2. A shed will have square ends and a sloped roof. The distance from the top of the square to the top peak is half the width of the square. The rectangular volume is 640 cubic feet. (This does not include any space in the triangular region). The cost of siding for all rectangular sides is $.75 per square foot. Nicer siding will be used in the triangular region. It will cost $1.50 per square foot. Shingles for roof will cost $1 per square foot.

a. Clearly define any variables used

b. Give an equation for volume of rectangular area.

c. Give the equation for the Surface area.

d. Give the equation for cost of siding and roofing the shed.

e. Give the equation for the derivative of cost.

f. Find the value of the derivative when the width of the square is 10 ft. Explain the meaning in terms of the problem.

g. Find when the derivative is equal to zero. Explain the significance of this point.

h. Give the dimensions of the shed that will minimize the cost of the shed.

i. Give the minimum cost of siding and roofing.

3. A large tire company plans to sell 1 million tires during the next year. Sales tend to be roughly the same throughout the year. Setting up each production run costs the company $20,000. Carrying costs based on the average number of tires in storage amount to $5 for one tire for one year.

a.

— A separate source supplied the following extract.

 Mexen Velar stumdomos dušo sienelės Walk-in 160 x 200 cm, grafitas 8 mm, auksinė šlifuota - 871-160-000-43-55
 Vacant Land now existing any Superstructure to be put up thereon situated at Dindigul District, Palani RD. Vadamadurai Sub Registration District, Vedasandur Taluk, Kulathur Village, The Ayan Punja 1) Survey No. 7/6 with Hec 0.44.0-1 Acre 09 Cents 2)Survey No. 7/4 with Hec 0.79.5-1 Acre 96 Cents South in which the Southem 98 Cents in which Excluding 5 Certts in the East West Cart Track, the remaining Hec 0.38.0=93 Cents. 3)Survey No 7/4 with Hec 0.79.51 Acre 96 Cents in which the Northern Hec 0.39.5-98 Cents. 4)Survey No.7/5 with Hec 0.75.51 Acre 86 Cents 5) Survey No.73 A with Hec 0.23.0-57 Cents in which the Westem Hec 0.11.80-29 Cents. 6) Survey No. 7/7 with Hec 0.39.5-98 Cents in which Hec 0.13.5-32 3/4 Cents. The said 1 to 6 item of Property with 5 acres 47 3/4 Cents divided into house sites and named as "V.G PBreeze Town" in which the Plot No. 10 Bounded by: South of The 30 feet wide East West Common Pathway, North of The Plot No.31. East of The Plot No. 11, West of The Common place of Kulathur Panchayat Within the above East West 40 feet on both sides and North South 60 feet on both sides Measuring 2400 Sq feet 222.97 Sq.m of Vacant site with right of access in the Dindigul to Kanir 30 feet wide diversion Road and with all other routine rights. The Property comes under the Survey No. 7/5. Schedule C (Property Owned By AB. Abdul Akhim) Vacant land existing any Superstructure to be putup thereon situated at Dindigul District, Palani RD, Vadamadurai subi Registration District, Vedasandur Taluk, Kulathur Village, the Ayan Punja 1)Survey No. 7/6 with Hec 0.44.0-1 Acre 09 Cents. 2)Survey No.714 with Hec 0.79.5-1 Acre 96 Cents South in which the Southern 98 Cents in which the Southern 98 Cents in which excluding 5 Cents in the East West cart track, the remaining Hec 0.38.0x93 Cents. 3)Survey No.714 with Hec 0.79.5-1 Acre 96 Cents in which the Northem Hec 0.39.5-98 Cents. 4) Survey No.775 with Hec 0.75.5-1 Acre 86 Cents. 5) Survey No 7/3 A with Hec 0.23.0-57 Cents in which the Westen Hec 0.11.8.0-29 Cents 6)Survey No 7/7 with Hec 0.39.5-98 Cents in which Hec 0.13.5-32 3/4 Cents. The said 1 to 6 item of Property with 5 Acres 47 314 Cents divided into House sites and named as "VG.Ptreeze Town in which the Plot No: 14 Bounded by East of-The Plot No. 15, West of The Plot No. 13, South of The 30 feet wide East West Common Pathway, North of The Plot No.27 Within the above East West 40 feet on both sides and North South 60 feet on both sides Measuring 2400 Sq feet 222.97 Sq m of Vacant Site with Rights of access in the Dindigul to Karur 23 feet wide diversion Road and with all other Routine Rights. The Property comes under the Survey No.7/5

Find the cost if there were 5 production runs during the year.

b. give the derivative of the cost

c. Give the number of production runs and the size of each run that will minimize the overall cost of producing the tires.

4. Joe can sell 600 replacement windows throughout the year for $150 each. For each $10 dollar increase in price by he will be able to sell 25 less windows.

a. Find an equation for revenue where x is the number of $10 increases. [Hint: Price multiplied by quantity gives revenue.]

b. Give the derivative of the revenue

c. Find the price that will optimize his weekly revenue and give the optimal revenue.

d. If he made $50 per window before the price change and any price change comes from or adds to his profit directly how much money will he make at the new price?